Resettlement area for evacuees (Source: PHIVOLCS)

On 12 June gas-charged magma reached the surface of Pinatubo, creating a series of explosions that formed spectacular columns of ash that reached 24 km in height. But this was just the prelude. 

Days later, more highly gas-charged magma accumulated on the surface and finally exploded, creating the largest volcanic eruption ever monitored on Earth. The eruption on 15 June sent a 35 km-high ash column directly into the stratosphere, covering an area of 125,000 km2.

The eruption on 12 June, which sent a plume of ash into the sky (Source: PHIVOLCS)

On land, hot flows of gas, ash, and lahar descended violently into the valleys surrounding the volcano.  Given the magnitude of this eruption, the manner in which the hazard was managed saved thousands of lives and more than US$250 million in properties.

How could the scientists forecast with such precision the time and magnitude of the eruption of a volcano that was dormant at that time? 

10 weeks before the eruption, locals living at Pinatubo contacted the scientists of PHIVOLCS to report the appearance of plumes of steam and sulfur. The director of PHIVOLCS, Dr Raymundo Punongbayan, set up a team that installed portable seismometers in the area. As the seismic activity increased, Dr Chris Newhall from the USGS and a small team joined the investigation. 

Together, they installed seven telemetered seismic sites, two telemetered tiltmeters to measure ground deformation, allowing the team to access those data in real-time. They also used a COSPEC (correlation spectrometry) instrument to measure sulfur dioxide gases. As there were no previous records of Pinatubo’s eruptions, they also mapped the geological sediments of past eruptions’ materials to create a hazard map for the worst-case scenario.

Unrest activity prior to the eruption (Source: PHIVOLCS)

By early June, they realised that the levels of seismicity and sulfur dioxide gas emissions indicated that large amounts of magma were moving through the volcano conduits towards the surface. They alerted the local authorities about an imminent eruption and the potential magnitude of the event, which led to the evacuation of those living in the vicinity of Pinatubo. The amount of information that the scientists of PHIVOLCS and USGS gathered in just a few weeks is quite remarkable.

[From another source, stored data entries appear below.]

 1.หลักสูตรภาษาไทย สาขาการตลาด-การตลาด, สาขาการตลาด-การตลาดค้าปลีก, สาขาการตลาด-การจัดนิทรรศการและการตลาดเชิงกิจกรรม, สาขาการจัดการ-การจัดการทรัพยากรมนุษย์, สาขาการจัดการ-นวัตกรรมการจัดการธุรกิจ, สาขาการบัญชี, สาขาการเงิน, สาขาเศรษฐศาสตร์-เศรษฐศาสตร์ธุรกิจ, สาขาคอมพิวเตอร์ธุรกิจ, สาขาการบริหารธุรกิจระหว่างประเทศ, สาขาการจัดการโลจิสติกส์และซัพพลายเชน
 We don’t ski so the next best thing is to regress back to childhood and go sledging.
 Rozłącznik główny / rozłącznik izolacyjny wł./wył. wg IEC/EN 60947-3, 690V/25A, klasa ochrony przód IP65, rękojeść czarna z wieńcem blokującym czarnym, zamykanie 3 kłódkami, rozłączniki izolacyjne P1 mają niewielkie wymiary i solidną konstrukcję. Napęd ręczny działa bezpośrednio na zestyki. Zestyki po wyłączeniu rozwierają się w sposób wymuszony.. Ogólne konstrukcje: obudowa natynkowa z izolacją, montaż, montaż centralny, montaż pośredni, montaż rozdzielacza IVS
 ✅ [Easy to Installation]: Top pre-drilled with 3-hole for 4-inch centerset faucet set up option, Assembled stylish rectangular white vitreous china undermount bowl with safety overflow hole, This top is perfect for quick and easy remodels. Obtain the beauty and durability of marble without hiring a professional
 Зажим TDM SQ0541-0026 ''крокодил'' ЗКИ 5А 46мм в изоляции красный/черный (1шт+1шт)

Moreover, the success of the hazard management was only possible through the trust fostered between the locals, the volcanologists, and the authorities.

Timeline showing the chronology of Pinatubo’s unrest (Source: Nguyen Thi Nam Phuong/ Earth Observatory of Singapore)

Pinatubo’s seismic data (depth and magnitude) derived from the seismic network, the gas emission, and the deformation during the unrest and after the eruption (figure 1 below) is available at the World Organization of Volcano Observatories database (WOVOdat). It was co-created by Professor Chris Newhall in the 80’s and is currently led by Professor Fidel Costa at EOS. The database gathers unrest of volcanoes all over the world and makes the carefully organised data public so it can be used to construct models that help forecast eruptions.

Fig.1 Snapshot images of WOVOdat’s online visualisation tools, showing the chronological development of Pinatubo 1991 unrest. Earthquake hypocentres and monitoring station locations are overlaid on Google map terrain (upper left). Earthquake depth can be visualised in a north-south and east-west cross section profile as well as in time series way (lower left). Multi-parameter monitoring data displayed together in interactive time series plots with eruption phases (right). Data compiled by WOVOdat (Ng, et al., 2016; Newhall et al., 2017) from PHIVOLCS, USGS, and Newhall and Punongbayan, 1996 (Source: WOVOdat)

As experience has taught us, volcanic forecasts are relevant not only for countries with volcanoes – in 1991 Pinatubo’s eruption disrupted the airspace of commercial flights and its ash reached many countries including Singapore. If a repeat of the 1991 eruption of Pinatubo were to occur today, the repercussions would have been much greater. As an example, Eyjafjallajökull’s eruption in 2010, with a Volcanic Explosivity Index (VEI) of 4, forced the shutdown of Europe’s air space for several weeks. In comparison, Pinatubo’s 1991 eruption was assigned a VEI of 6. What consequences could result?


Pinatubo data can be visualised and downloaded using WOVOdat interactive online tools. Click on the links below for more.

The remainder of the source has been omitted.